▶ YOUR ASSIGNMENT
If a picture appears in the records, leave it out and transcribe the rest exactly.

Collected data
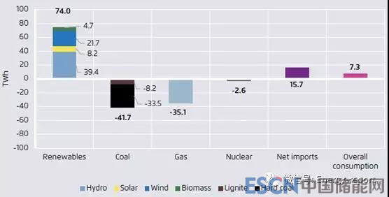 煤電和氣電的燃料和碳成本首次與風(fēng)電和光伏的完全成本相當(dāng)。2018年煤電和氣電成本上升:煤價(jià)同比上漲15%,天然氣價(jià)格同比上漲30%,二氧化碳價(jià)格同比上漲170%。因此,歐洲的電價(jià)升至45~60歐元/兆瓦時(shí)。這個(gè)價(jià)格水平與德國最新的風(fēng)電和光伏拍賣價(jià)格相當(dāng)。
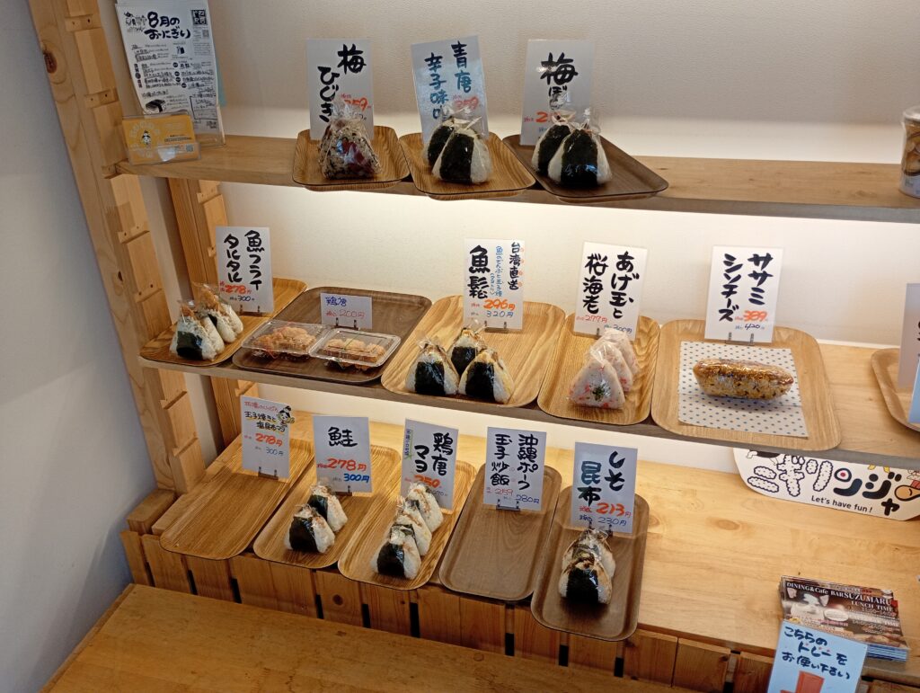 店内に入ると右手に棚があり、様々なおにぎりが陳列されています。一日400個以上のおにぎりを作るそうです。
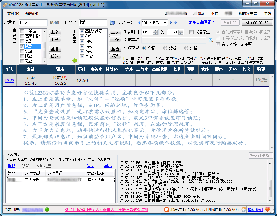1、本助手不会存储任何个人身份信息,用户名密码等都是直接提交给12306官网,请大家自己保护好信息;2、为提高购票效率,希望大家仔细看界面说明及帮助,并在购票时将电脑右下脚可退出的程序都退出;
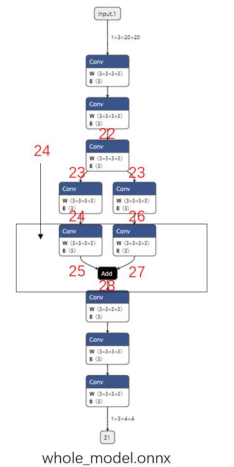 在这个子模型中,我们在保持原有的输入 input.1,输出 31 的同时,把其他几个边加入了输出中。如下图所示:
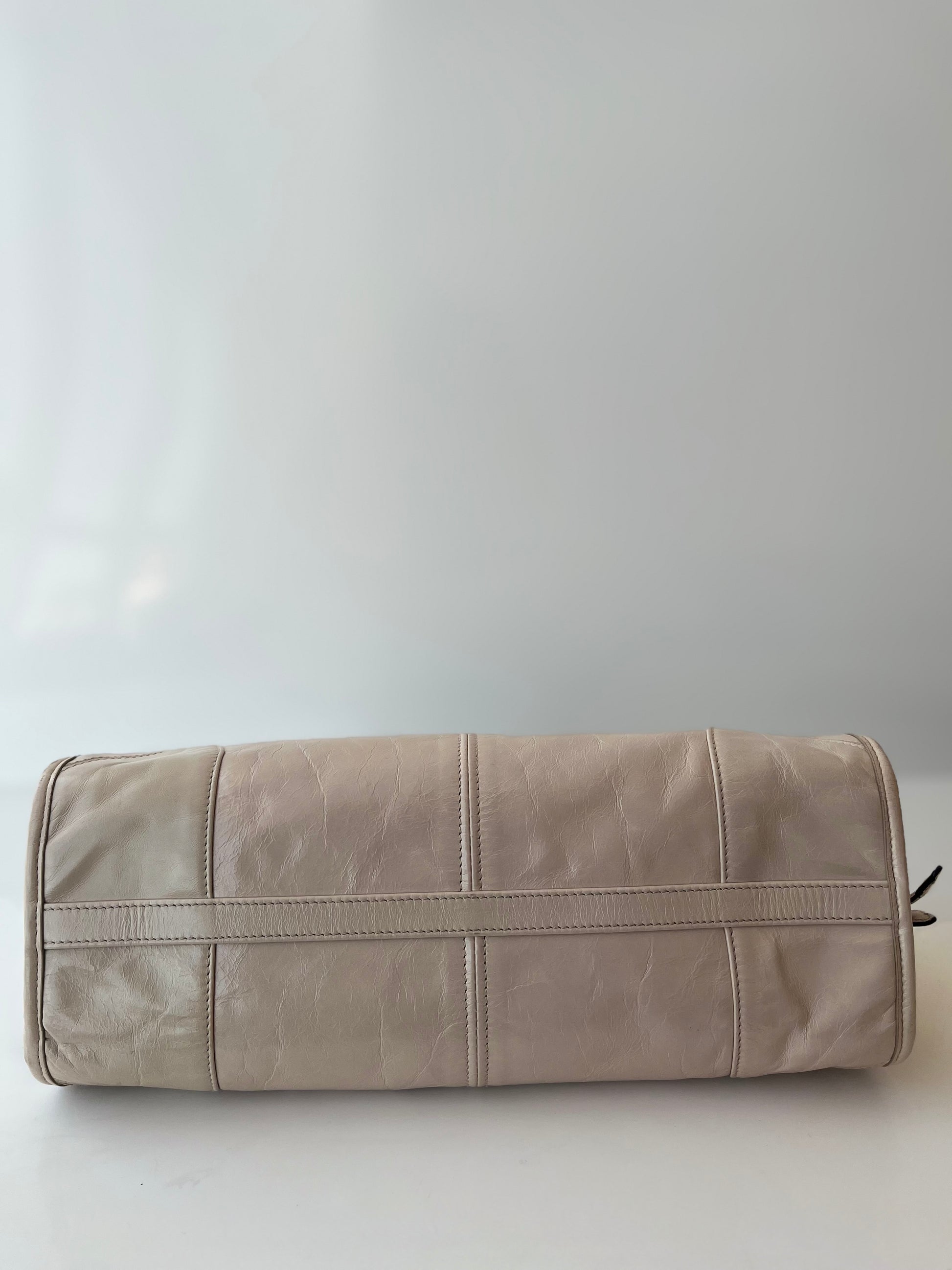 Muito bom estado — couro bem preservado, sem marcas ou desgastes significativos. Ferragens sem oxidação aparente e forro interno limpo.

▶ SOLVED EXERCISE
 煤電和氣電的燃料和碳成本首次與風(fēng)電和光伏的完全成本相當(dāng)。2018年煤電和氣電成本上升:煤價(jià)同比上漲15%,天然氣價(jià)格同比上漲30%,二氧化碳價(jià)格同比上漲170%。因此,歐洲的電價(jià)升至45~60歐元/兆瓦時(shí)。這個(gè)價(jià)格水平與德國最新的風(fēng)電和光伏拍賣價(jià)格相當(dāng)。
 店内に入ると右手に棚があり、様々なおにぎりが陳列されています。一日400個以上のおにぎりを作るそうです。
1、本助手不会存储任何个人身份信息,用户名密码等都是直接提交给12306官网,请大家自己保护好信息;2、为提高购票效率,希望大家仔细看界面说明及帮助,并在购票时将电脑右下脚可退出的程序都退出;
 在这个子模型中,我们在保持原有的输入 input.1,输出 31 的同时,把其他几个边加入了输出中。如下图所示:
 Muito bom estado — couro bem preservado, sem marcas ou desgastes significativos. Ferragens sem oxidação aparente e forro interno limpo.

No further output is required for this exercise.